-- Input data follows --

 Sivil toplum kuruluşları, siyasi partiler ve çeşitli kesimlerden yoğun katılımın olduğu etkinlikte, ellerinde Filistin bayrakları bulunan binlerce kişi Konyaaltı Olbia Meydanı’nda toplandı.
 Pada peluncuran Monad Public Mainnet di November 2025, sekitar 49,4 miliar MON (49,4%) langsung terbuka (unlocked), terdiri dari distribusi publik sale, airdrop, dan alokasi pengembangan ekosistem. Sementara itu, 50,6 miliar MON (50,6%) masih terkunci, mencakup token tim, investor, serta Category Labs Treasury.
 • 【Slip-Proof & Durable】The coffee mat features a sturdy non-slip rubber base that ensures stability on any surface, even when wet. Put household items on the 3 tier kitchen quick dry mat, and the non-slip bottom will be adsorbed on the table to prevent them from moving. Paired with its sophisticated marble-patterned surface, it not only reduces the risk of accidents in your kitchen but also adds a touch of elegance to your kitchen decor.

-- Input data concluded --
-- Input data follows --

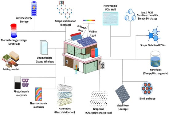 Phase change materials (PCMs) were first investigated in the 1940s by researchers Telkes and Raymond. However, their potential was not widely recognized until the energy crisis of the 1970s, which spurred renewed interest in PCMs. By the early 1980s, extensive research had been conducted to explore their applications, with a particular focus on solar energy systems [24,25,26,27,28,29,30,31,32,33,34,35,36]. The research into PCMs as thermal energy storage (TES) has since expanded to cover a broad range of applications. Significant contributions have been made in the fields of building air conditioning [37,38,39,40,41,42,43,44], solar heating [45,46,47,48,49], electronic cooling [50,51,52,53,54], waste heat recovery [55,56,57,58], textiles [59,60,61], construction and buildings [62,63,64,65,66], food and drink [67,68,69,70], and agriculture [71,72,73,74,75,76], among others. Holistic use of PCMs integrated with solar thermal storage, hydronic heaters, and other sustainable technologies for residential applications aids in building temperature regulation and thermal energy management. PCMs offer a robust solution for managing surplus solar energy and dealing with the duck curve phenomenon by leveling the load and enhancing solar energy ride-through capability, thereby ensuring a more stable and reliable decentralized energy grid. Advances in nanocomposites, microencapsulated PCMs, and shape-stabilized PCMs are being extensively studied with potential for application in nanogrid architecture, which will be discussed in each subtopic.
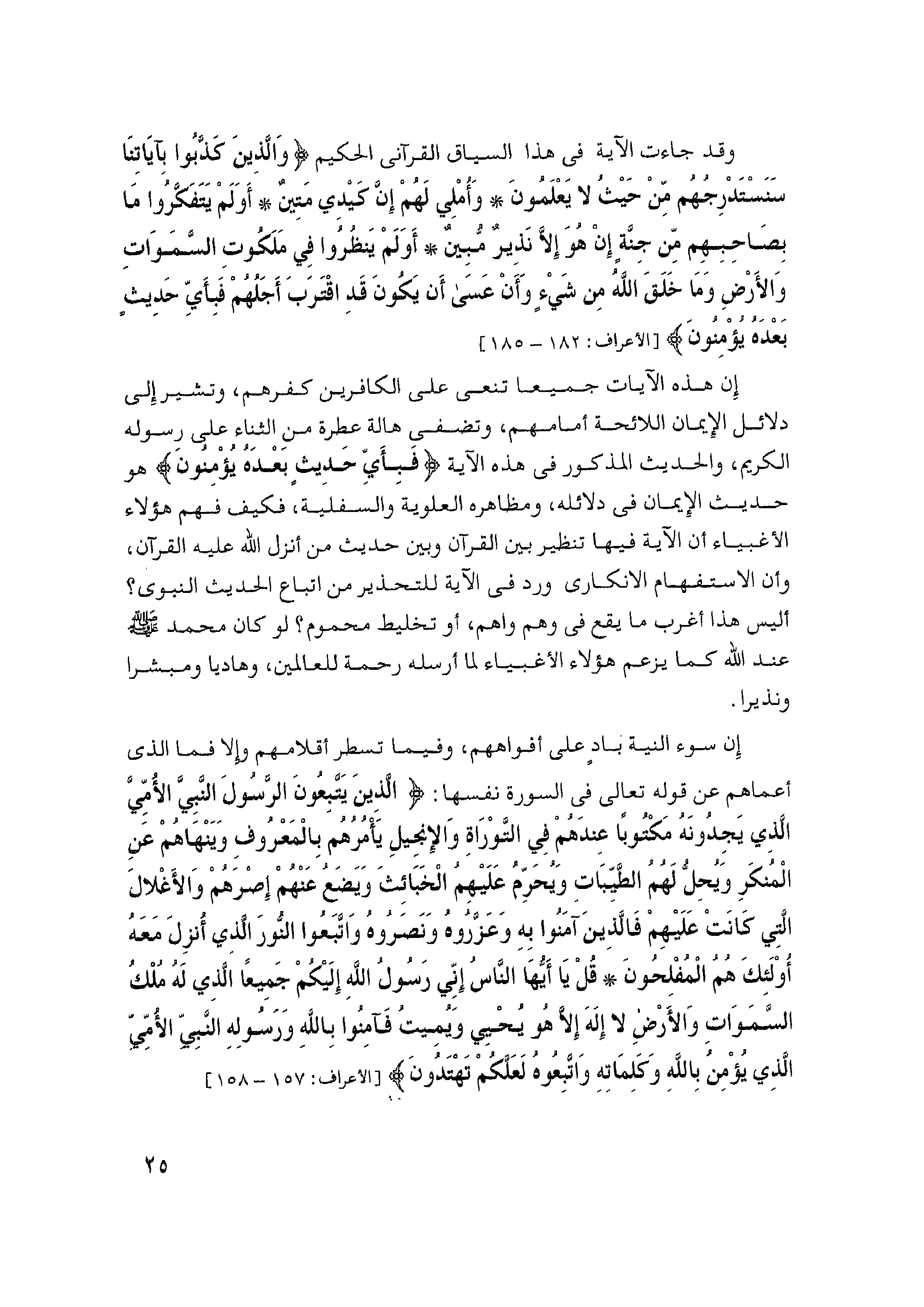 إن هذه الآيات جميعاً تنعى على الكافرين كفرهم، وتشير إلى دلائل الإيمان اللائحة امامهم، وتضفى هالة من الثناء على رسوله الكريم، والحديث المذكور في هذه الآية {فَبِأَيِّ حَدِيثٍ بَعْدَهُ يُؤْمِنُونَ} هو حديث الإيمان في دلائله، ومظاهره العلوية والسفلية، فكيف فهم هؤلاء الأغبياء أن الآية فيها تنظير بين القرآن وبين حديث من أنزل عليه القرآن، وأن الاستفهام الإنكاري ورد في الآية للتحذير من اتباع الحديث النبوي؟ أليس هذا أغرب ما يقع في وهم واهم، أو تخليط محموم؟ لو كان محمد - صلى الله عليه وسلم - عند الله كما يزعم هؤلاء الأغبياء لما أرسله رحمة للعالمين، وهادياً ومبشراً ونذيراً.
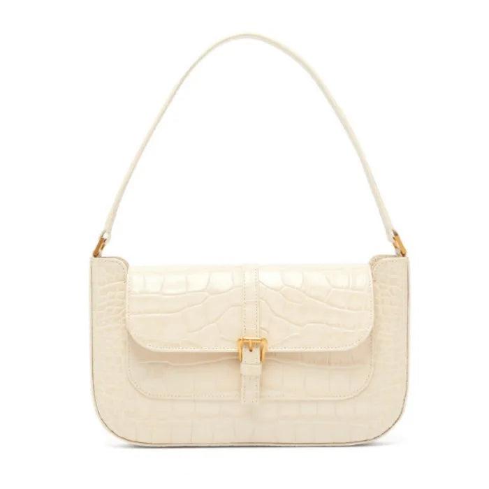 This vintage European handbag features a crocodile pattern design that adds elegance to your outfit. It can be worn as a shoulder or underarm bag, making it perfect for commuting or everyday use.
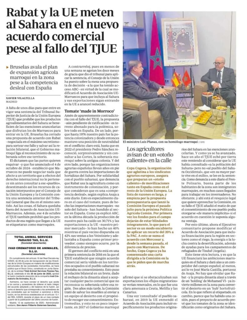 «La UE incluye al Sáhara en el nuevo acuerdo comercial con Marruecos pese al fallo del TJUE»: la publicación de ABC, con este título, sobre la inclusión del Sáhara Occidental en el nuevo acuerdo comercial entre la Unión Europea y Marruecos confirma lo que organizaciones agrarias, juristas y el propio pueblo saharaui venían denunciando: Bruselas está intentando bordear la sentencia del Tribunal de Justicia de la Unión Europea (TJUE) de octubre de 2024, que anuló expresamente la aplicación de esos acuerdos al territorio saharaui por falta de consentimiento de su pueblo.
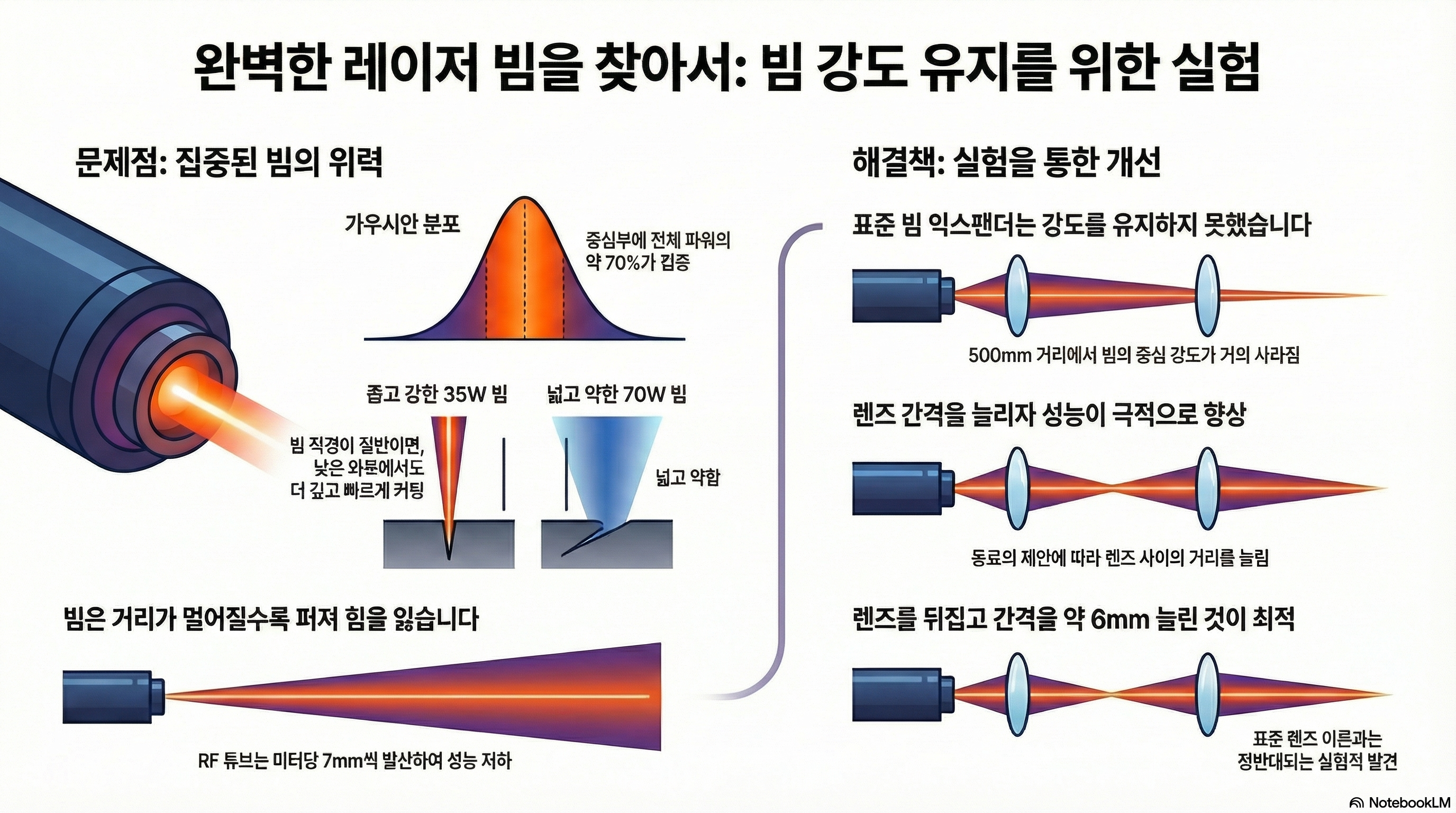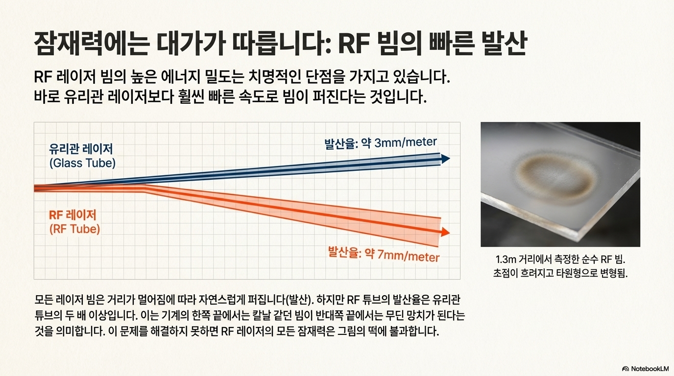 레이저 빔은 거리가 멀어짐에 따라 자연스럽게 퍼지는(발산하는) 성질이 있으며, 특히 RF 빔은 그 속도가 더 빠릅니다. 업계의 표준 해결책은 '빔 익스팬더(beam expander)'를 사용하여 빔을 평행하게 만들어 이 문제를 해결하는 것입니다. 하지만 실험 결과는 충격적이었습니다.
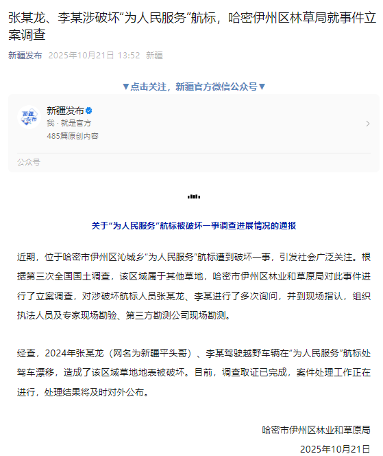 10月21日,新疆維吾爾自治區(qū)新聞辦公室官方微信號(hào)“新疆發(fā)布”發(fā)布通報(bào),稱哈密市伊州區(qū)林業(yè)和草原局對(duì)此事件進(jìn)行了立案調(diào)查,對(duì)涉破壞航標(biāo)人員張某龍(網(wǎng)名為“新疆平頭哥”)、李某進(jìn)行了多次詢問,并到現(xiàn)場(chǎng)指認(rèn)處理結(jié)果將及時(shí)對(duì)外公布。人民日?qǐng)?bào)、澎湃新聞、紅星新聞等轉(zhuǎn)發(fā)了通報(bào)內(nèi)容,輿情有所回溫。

-- Input data concluded --
-- Input data follows --

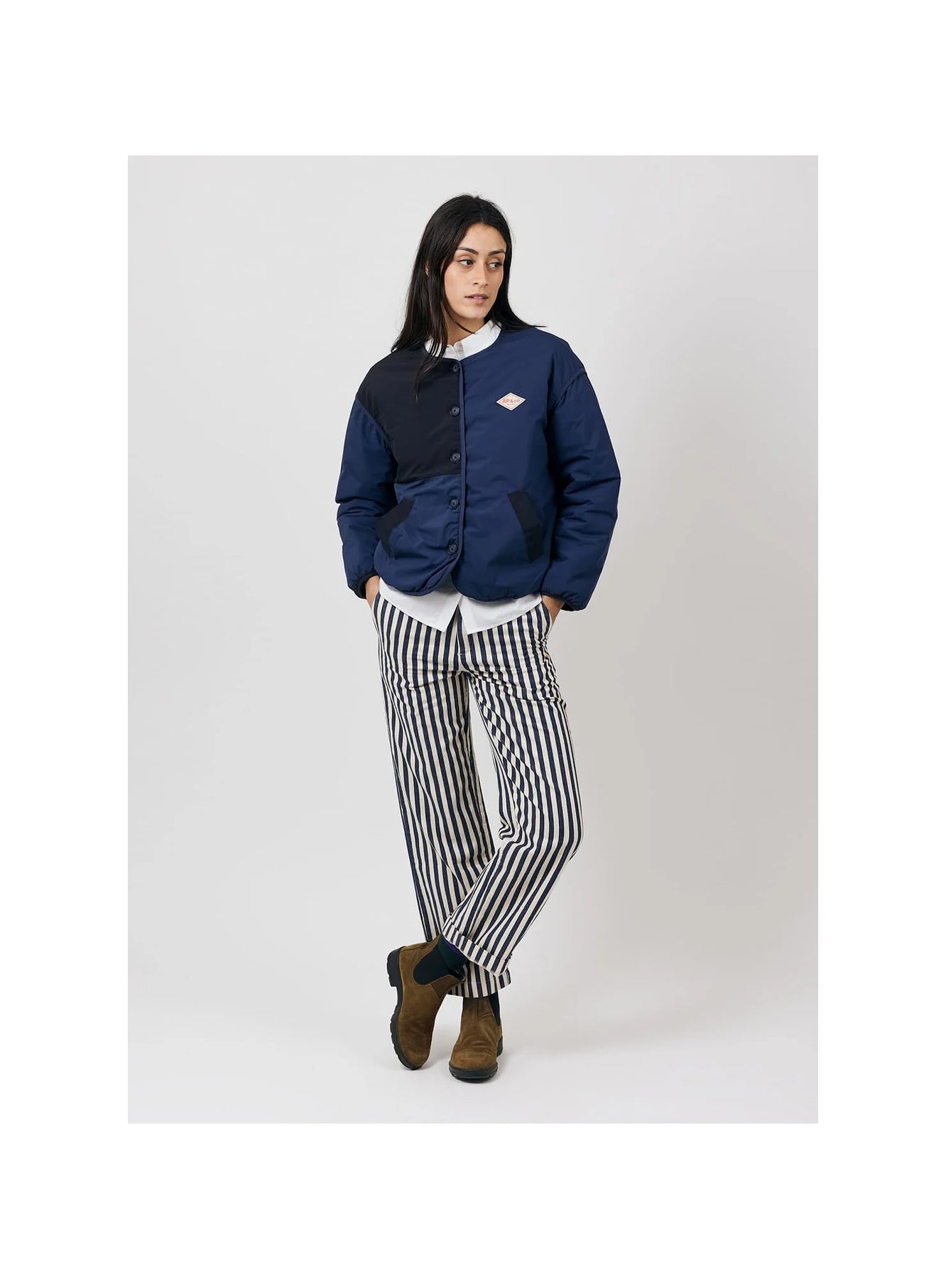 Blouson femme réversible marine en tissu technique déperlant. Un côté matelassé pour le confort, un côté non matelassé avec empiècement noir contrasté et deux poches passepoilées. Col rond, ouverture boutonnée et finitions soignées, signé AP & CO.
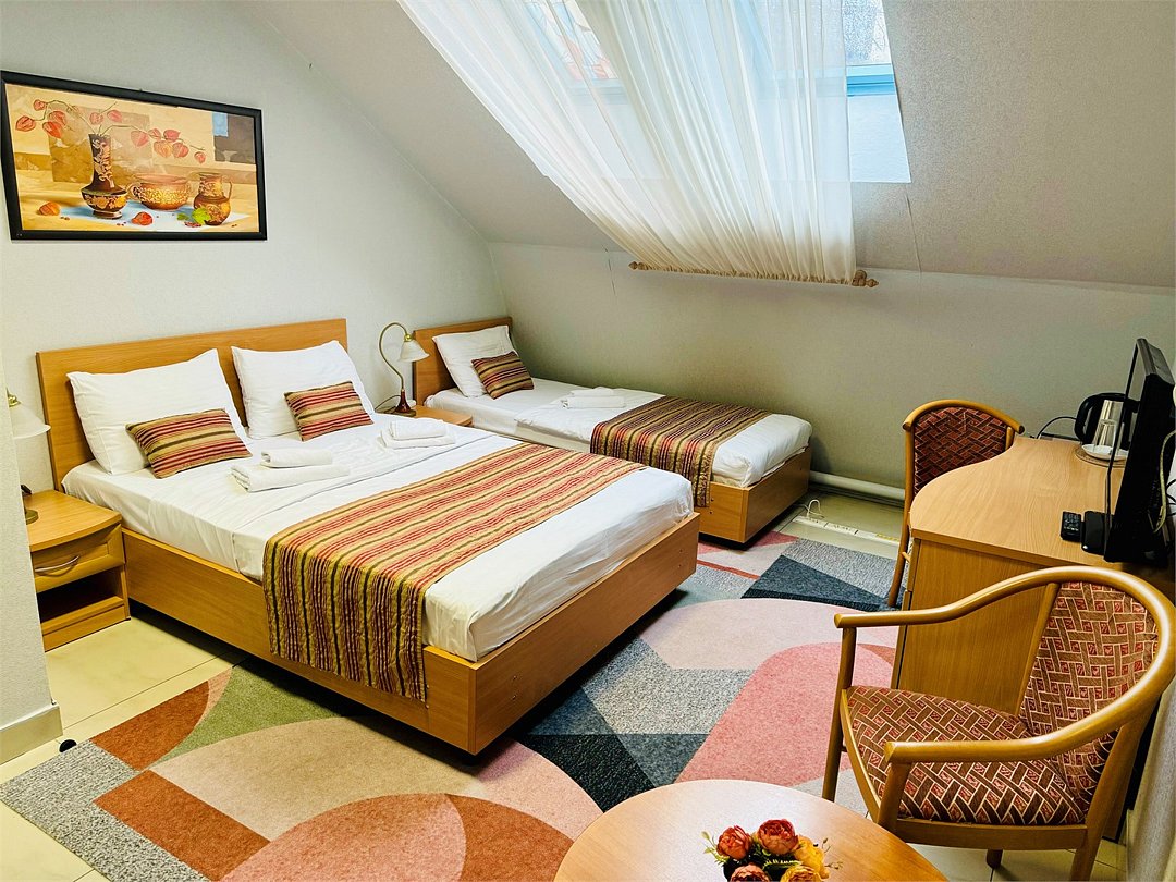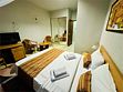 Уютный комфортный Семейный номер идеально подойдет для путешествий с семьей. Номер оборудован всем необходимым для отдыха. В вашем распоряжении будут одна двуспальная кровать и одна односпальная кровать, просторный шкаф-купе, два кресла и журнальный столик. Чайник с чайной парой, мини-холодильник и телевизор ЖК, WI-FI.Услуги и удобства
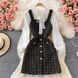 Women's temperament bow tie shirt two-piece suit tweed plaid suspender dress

-- Input data concluded --

■ Task goal ■
Go to the line above that contains "This vintage European" and reproduce everything exactly from there through the line that contains "레이저 빔은 거리가 멀어짐에", leaving out the pictures.

■ Answer for this exercise ■
 This vintage European handbag features a crocodile pattern design that adds elegance to your outfit. It can be worn as a shoulder or underarm bag, making it perfect for commuting or everyday use.
 «La UE incluye al Sáhara en el nuevo acuerdo comercial con Marruecos pese al fallo del TJUE»: la publicación de ABC, con este título, sobre la inclusión del Sáhara Occidental en el nuevo acuerdo comercial entre la Unión Europea y Marruecos confirma lo que organizaciones agrarias, juristas y el propio pueblo saharaui venían denunciando: Bruselas está intentando bordear la sentencia del Tribunal de Justicia de la Unión Europea (TJUE) de octubre de 2024, que anuló expresamente la aplicación de esos acuerdos al territorio saharaui por falta de consentimiento de su pueblo.
 레이저 빔은 거리가 멀어짐에 따라 자연스럽게 퍼지는(발산하는) 성질이 있으며, 특히 RF 빔은 그 속도가 더 빠릅니다. 업계의 표준 해결책은 '빔 익스팬더(beam expander)'를 사용하여 빔을 평행하게 만들어 이 문제를 해결하는 것입니다. 하지만 실험 결과는 충격적이었습니다.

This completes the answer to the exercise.